Nevertheless, the designer has built up an impressive list of loyal clients, including the rich society women Dodie Rosekrans and Beatrice de Rothschild. His ready-to- wear collection crosses into the realms of haute couture.
Previous winners of the award, which is celebrating its 10th year, include John Rocha, Vivienne Westwood, Katharine Hamnett and Rifat Ozbek. None of these designers show their collections on the catwalk during London Fashion Week. Hamnett shows in Milan and Westwood, Ozbek and Galliano all show in Paris. This October, Rocha, last year's designer of the year, moves his catwalk show from London to Paris as well.
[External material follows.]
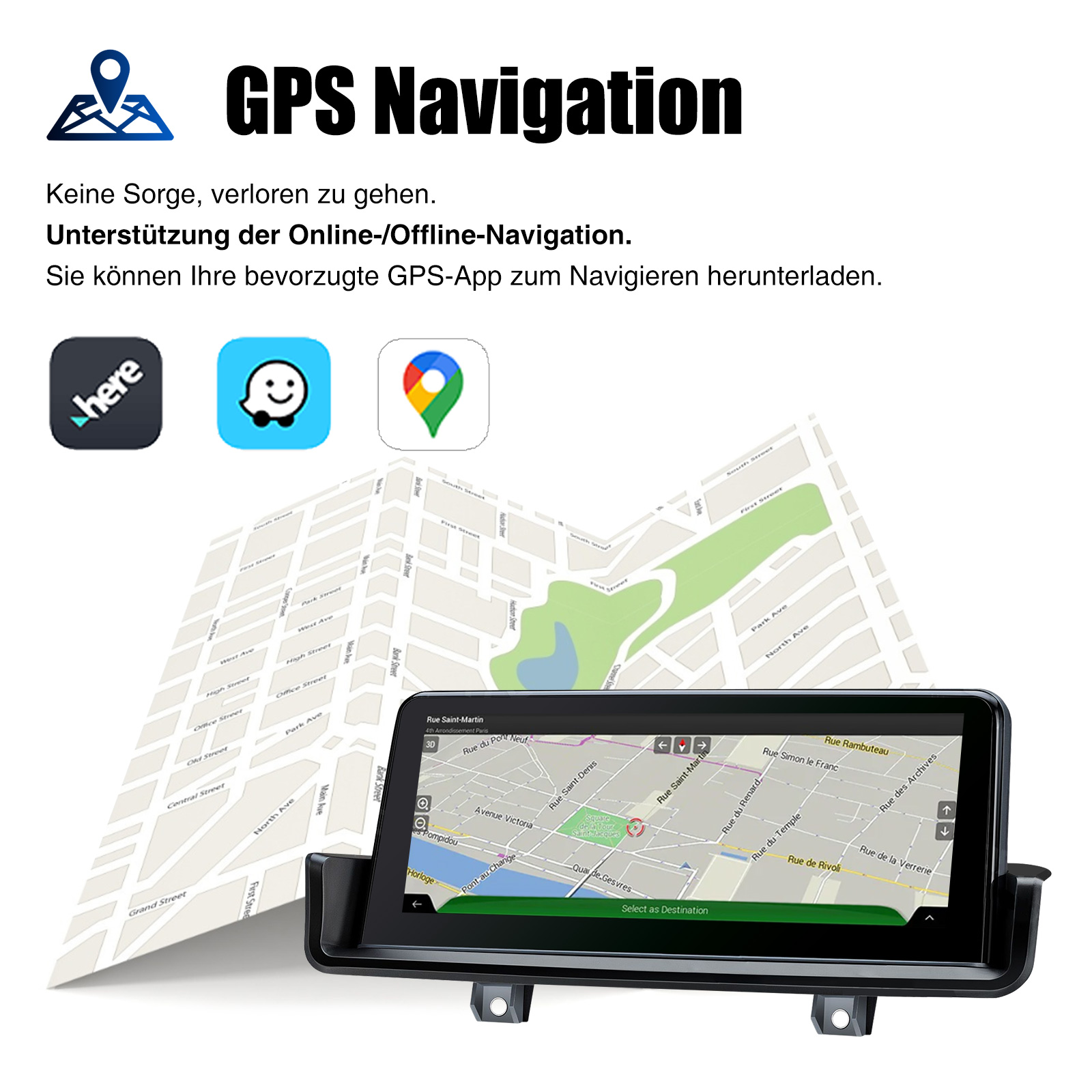 GPS Navigation 4G und WiFi: Sie können zwischen Offline- und Online-Navigation wählen! Mit vorinstallierten Offline-Karten können Sie nach dem Anschließen der GPS-Antenne in unserem Paket Koordinaten/Postleitzahlen/Adressen/POIs zur Routenplanung verwenden. Sie können Online-Navigations-Apps auch über WLAN und 4G-Netzwerke herunterladen. Außerdem können Sie andere Apps/Musik und Videos über WLAN und 4G-Netzwerke herunterladen!

The award is based on Galliano's past two collections. His autumn/ winter 1994 collection is a pared- down series of intricately cut and elegant clothes influenced by the Japanese kimono. Tuxedo jackets are given a new slant with long kimono sleeves and dresses get his trademark bias cut.
The collection was shown in Paris last spring in the dilapidated grandeur of a house owned by another of his wealthy customers, Sao Schlumberger. Models wandered through the rooms as press, buyers and photographers watched from their antique sofas. The diamonds worn were real. The collection was bought by the powerful American stores Bergdorf Goodman, Nieman Marcus and Saks.
Galliano, who moved to London at the age of six with his Gibraltan father and Spanish mother, has been in the limelight since graduating from St Martin's in 1984. There, his collection, 'Les Incroyables', caused as much of a stir as that of any established designer that year. It was immediately bought by the influential London store Browns.
His fascination with bias-cutting and tailoring techniques has remained with him since then, as has his desire for a return to dressing-up.